WHAT IS BEING ASKED:
Would you transcribe the whole listing exactly, minus its pictures?

DATA SEGMENT:
————
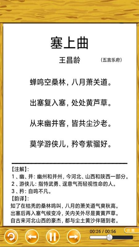 该软件精心收录了《唐诗三百首》中的经典诗作,覆盖了初唐、盛唐、中唐、晚唐等不同时期的代表作品。每首诗均配备有标准的普通话朗读,支持自动播放与手动翻页功能,用户可根据个人需求调节朗读速度、音量大小及背景音乐的开关,打造个性化的学习环境。
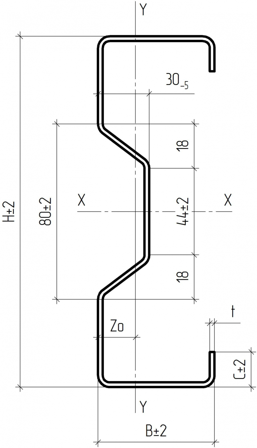 Профиль Σ-образный (Сигма) Σ(44)-180x50x1,5 — это высокопрочный элемент для возведения лёгких стальных тонкостенных конструкций и быстровозводимых зданий. Его используют при монтаже наружных и внутренних стен, перекрытий, стропильных систем и каркасов мансард. Благодаря своей геометрии с несколькими рёбрами жёсткости сигма-профиль сочетает малый вес с высокой несущей способностью, что позволяет ему выдерживать значительные вертикальные и продольные нагрузки. Изготавливается из оцинкованной стали марок 250-350 в соответствии с ГОСТ 14918-80 и ГОСТ Р 52246-2004.
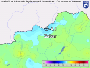 Zabarban -4,1 fokig csökkent a hőmérséklet, de másutt is előfordult fagy 2 méteres magasságban is. A több mint 110 éves napi rekord (-4,2 fok 1906, Dobogókő) megdöntése két tizeden múlt. |
————
ANSWER:
 该软件精心收录了《唐诗三百首》中的经典诗作,覆盖了初唐、盛唐、中唐、晚唐等不同时期的代表作品。每首诗均配备有标准的普通话朗读,支持自动播放与手动翻页功能,用户可根据个人需求调节朗读速度、音量大小及背景音乐的开关,打造个性化的学习环境。
 Профиль Σ-образный (Сигма) Σ(44)-180x50x1,5 — это высокопрочный элемент для возведения лёгких стальных тонкостенных конструкций и быстровозводимых зданий. Его используют при монтаже наружных и внутренних стен, перекрытий, стропильных систем и каркасов мансард. Благодаря своей геометрии с несколькими рёбрами жёсткости сигма-профиль сочетает малый вес с высокой несущей способностью, что позволяет ему выдерживать значительные вертикальные и продольные нагрузки. Изготавливается из оцинкованной стали марок 250-350 в соответствии с ГОСТ 14918-80 и ГОСТ Р 52246-2004.
 Zabarban -4,1 fokig csökkent a hőmérséklet, de másutt is előfordult fagy 2 méteres magasságban is. A több mint 110 éves napi rekord (-4,2 fok 1906, Dobogókő) megdöntése két tizeden múlt. |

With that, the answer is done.